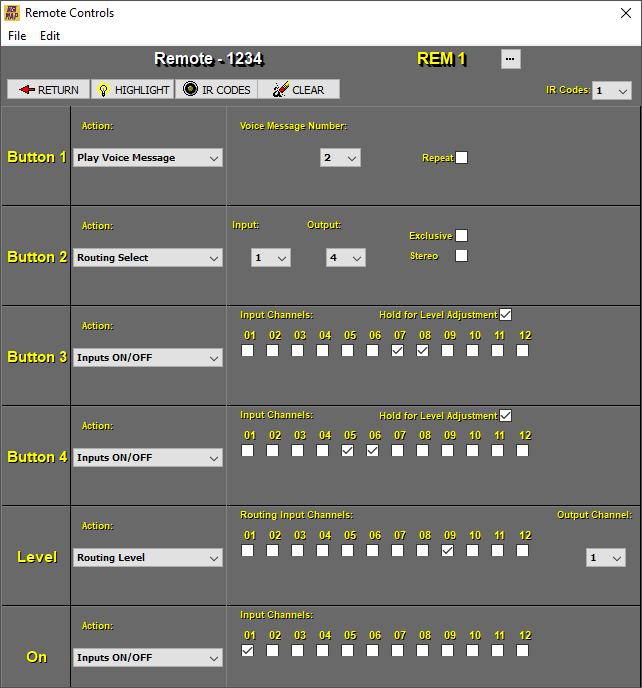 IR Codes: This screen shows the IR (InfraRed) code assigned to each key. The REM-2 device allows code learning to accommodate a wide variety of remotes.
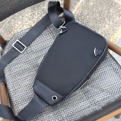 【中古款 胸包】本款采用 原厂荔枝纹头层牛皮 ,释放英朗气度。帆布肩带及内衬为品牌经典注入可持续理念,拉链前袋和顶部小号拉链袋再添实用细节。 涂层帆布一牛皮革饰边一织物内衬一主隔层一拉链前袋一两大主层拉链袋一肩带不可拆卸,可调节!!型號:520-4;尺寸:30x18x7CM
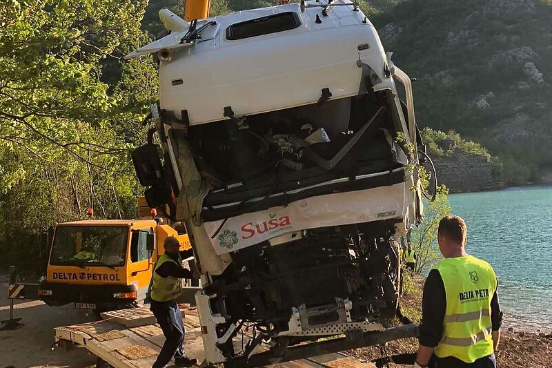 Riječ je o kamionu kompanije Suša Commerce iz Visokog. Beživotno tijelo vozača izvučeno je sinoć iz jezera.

* * *

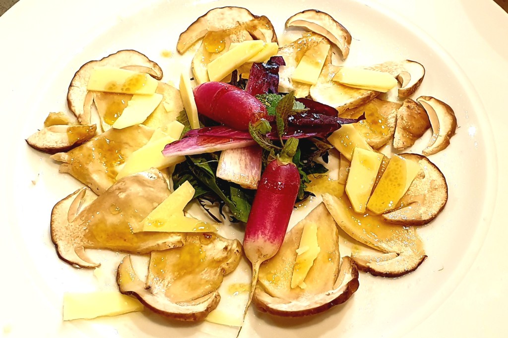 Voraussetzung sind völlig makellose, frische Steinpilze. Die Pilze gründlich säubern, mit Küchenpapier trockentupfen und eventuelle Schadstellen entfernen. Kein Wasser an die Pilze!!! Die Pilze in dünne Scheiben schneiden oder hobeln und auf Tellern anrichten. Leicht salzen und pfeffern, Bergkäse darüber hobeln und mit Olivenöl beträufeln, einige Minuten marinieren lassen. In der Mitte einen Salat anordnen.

--

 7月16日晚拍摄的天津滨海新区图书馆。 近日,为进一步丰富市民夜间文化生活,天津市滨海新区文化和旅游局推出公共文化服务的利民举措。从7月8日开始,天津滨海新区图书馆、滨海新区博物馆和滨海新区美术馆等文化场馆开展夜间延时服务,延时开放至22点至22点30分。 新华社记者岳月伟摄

■ **Task brief**:
Using the data above, retype exactly the lines from the line with "IR Codes: This" to the line with "Riječ je o kamionu", inclusive. No pictures and nothing else.

■ **Exercise response**:
 IR Codes: This screen shows the IR (InfraRed) code assigned to each key. The REM-2 device allows code learning to accommodate a wide variety of remotes.
 【中古款 胸包】本款采用 原厂荔枝纹头层牛皮 ,释放英朗气度。帆布肩带及内衬为品牌经典注入可持续理念,拉链前袋和顶部小号拉链袋再添实用细节。 涂层帆布一牛皮革饰边一织物内衬一主隔层一拉链前袋一两大主层拉链袋一肩带不可拆卸,可调节!!型號:520-4;尺寸:30x18x7CM
 Riječ je o kamionu kompanije Suša Commerce iz Visokog. Beživotno tijelo vozača izvučeno je sinoć iz jezera.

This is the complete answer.